Associate Credit Card Services

  Associate Credit Card Services  - Fees for not using the credit card and 3 other lesser known credit card related fees  - May 15, 2007  

Credit card companies associate various different fees with the credit card. These fees increase the cost of credit card ownership. A close scrutiny of the terms and conditions associated with the credit card will definitely make the credit card owner aware about them. But, if they find it too cumbersome to read all the document, they can simply ask their credit card agent about it and get the facts straight. This article takes a look at a few not-so-common credit card fees.

Fees for not using the credit card

Yes, strange it might sound, but some credit card companies charge you for not using that plastic. Being, inactive for a particular period the credit card doesn't earn them sufficient money, so to recover part of their loss and 'motivate' you to use the credit card regularly they slap a fees for not using the credit card. The details of this particular fees is buried deep in the fine prints and unless you ask specifically to the credit card agent, chances are good that you might never discover it until it shows on your credit card statement.

Overseas fees

Going abroad? Make sure to checkout overseas fee levied on your credit card. Again, written in fine prints this fees is particularly common with airline and travel reward credit cards. The owners of these credit cards frequently travel to destinations abroad so they are perfect candidates  to bring extra revenue to the credit card company. Sometimes it is also called foreign transaction fees.

Cash advance fees

Not a single credit card is issued in today's world without a cash advance fee in its terms and conditions. Credit card companies simply don't encourage to withdraw cash from ATM's using your credit card. So a cash advance fee and heavy cash advance APR's are slapped on the credit card owner. This fees is divided by the credit card company and the ATM owner company. But finally it is the credit card owner who has to shell out all the sum.

No-balance fee

If you are not able to maintain a particular level of balance in your credit card account, be prepared to shell out a no balance fee. Those with bad credit find this fee in their credit statement because in many cases their credit card is linked to a bank account and lack of sufficient balance in that account, coupled with poor credit history make credit card companies jittery and to counter the risk and 'encourage' credit card owner to keep their accounts in good standing they slap a no balance fees.

These fees increase the cost of credit card ownership. A close scrutiny of the terms and conditions associated with the credit card will definitely make the credit card owner aware about them. But, if they find it too cumbersome to read all the document, they can simply ask their credit card agent about it and get the facts straight.

  Associate Credit Card Services  - 3 must ask questions to maximize your 0% APR credit card return  - Apr 4, 2007  

As the competition between various credit card companies is increasing, they are adopting more attractive offers to acquire new customers. Though not new but 0% APR credit cards are also in the league of such offers. APR stands for Annual Percentage Rate - which in simple terms is the interest charge by companies on outstanding credit card balance. So a 0% APR means no interest is charged from the credit card holder.

0% APR credit cards come with many flavors:

0% APR for the life of credit card

0% APR for a limited period

0% APR offers for some services and a different APR rate for other services.

A credit card holder should face the fact that this kind of offer is only a marketing strategy and won't last for long.
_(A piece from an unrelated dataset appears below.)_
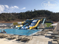 Отдыхали в июне 2018 года. Честно сказать ехали сами не знаем куда, потому что отель был на ремонте и когда он закончится и будет ли аквапарк было неизвестно. Но отелем остались очень довольны. И бассейн, и горки, все есть..отдыхали с дочкой 3 лет, из бассейна не вылезала))) Начиталась тут про море, что камни и неудобный заход, и долго. На самом деле нам с коляской минут 7, хотели на пляж, который слева от отеля , до первого поворота и вниз..и очень нам там нравилось, заход хороший песочек, по бокам камни, но даже прикольно) красиво пофоткались там. Лежаки и зонты по 2,5 евро, но мы не брали. Купили подстилку в местном магазине и зонт и отлично этим обошлись. Экскурсии от туроператора не брали. Брали экскурсию напротив отеля «морская прогулка» за 10 евро с человека, катались на катере в голубую лагуну, тоже понравилось. Может и ещё куда-нибудь съездили от этой конторы, но время поджимало, да и с ребёнком 3 года конечно не накатаешься))) Ездили ещё в айнапу в парк развлечений, тоже понравилось, причём на автобусе и кстати очень даже хорошо, думала будет неудобно с ребенком, но вполне нормально, ехать минут 15. По отелю вообще все отлично, рекомендовала б его всем отдыхающим, особенно с детьми. Номера чистые, Свежие, обслуживание хорошее, некоторые даже по-русски прекрасно понимают. Единственный минус-это анимация, ее практически нет. Детская с 8 часов и максимум полчаса. А потом просто включается музыка и все сидят у бара) молодёжи наверное будет скучно, а с детьми в самый раз..они бегают друг за другом))ну в общем, отдых удался и спасибо этому отелю))

This is because that a credit card company is there to make money for their services and the APR is their leading money spinner. The 3 must ask questions listed below will surely help you get a perspective on your 0% APR credit card and make an informed decision.

1. How long will the 0% APR offer last?

If it is not for the entire life of credit card how long is the 0% APR offer going to last. Some credit card companies give this offer for 6 months, some 1 year and some for even more than that. If other things are the same the one with the longest 0% APR offer should interest you.

2. What APR will be charged after the introductory period expires?

What will the credit card companies charge you when the 0% APR offer expires should be your main concern. Because the credit card company has already losing revenue by giving you a 0% APR credit card offer it could try to compensate with a higher APR after the intro period expires. Compare this APR with the APR's of other credit cards which offer similar services. You shouldn't get ripped because you fell into a 0% APR credit card trap. This feels bad afterwards.

3. What are other fees and benefits of the credit card?

0% APR coupled with a high annual fees and other charges could wipe out the savings you intend by taking a 0% APR credit card. Also ensure the APR on cash advances, purchases, and balance transfer. If a 0% APR credit card offer tries to compensate for the loss in revenue by charging exorbitant APRs on other services its better to avoid it. Knowing about the different features and benefits is also helpful.

The idea is not to get ripped off by the credit card companies and get maximum benefits on the 0% APR credit card. The credit card companies sugar coat their offers to lure new customers but, it is in the interest of credit card holder to ask right questions and get complete facts before applying for any 0% APR credit card.